Nine military commands attack protesters is Juticalpa, Olancho. They are detaining cars driving towards Tegucigalpa.
The main institutions of the country are paralyzed. Access to the National Autonomous University of Honduras has been taken over by students.
The European Union has re-affirmed that the only solution to the crisis is the restitution of President Zelaya and has cut off all economic aid.
The coup media is announcing repression and death against the protests taking place around the country.
Two are reported killed by a military command in Catacamas, Olancho. Repression is strongest in rural areas of the country.
In strategic points around the country the national paralization has started. Thousands are in the streets.

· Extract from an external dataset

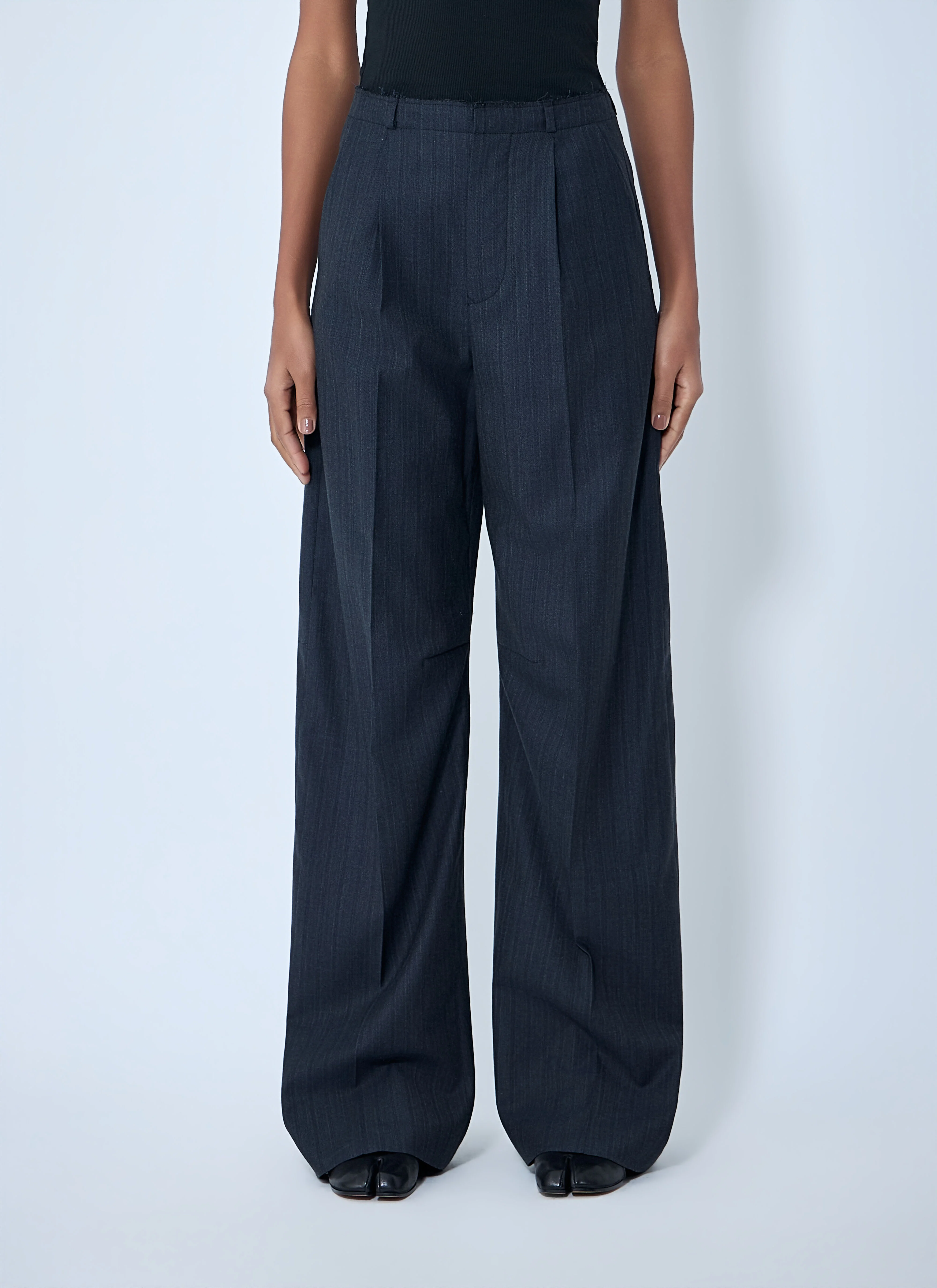 Wide-leg pants in structured fabric with belt loops. - High rise - Hook-and-eye and zip fastening - Front pleats - 60% Wool, 40% Cotton. Dry clean - Color: Black - Code: S52KA0555 M35743 001F

Evaluated in this context, the Arias proposal for mediation comes across as desperation, an attempt to impose a solution that disempowers Zelaya and the social movements so as to prevent them from organizing a permanent, effective resistance. Especially when you consider that Secretary of State Hillary Clinton is now making public statements that implicitly oppose the mobilizations against the coup. If the US is going to successfully impose a purported democratic solution from above, then it must act quickly to terminate the risk of a real one from below.Union organizations in Nicaragua and El Salvador have announced that they will close the border routes with Honduras in solidarity with the Honduran blockades.
If you study the map, above, of the few highways in Honduras that connect its commercial centers, the confirmed reports indicate that the popular protests have already shut down the veins and arteries of country's economy. It is highly likely that other roads and highways are also now under blockade, but we are taking great pains to report only those ones upon which we have been able to confirm. Readers unfamiliar with the condition of secondary roads in Honduras may not be aware that once one of these main highways is shut down, there are no alternate routes.
This is the strategy that, from 2003 to 2005, toppled three repressive presidents in the nation of Bolivia, one after the other.
These current blockades in Honduras have been called, initially, for 48 hours, beginning this morning. Check back here for around-the-clock updates.
This is a major news story. It doesn't matter that the rest of the English language international media is slow to report it. Maybe their correspondents are caught in traffic? Honduras under the coup has now ground to a halt.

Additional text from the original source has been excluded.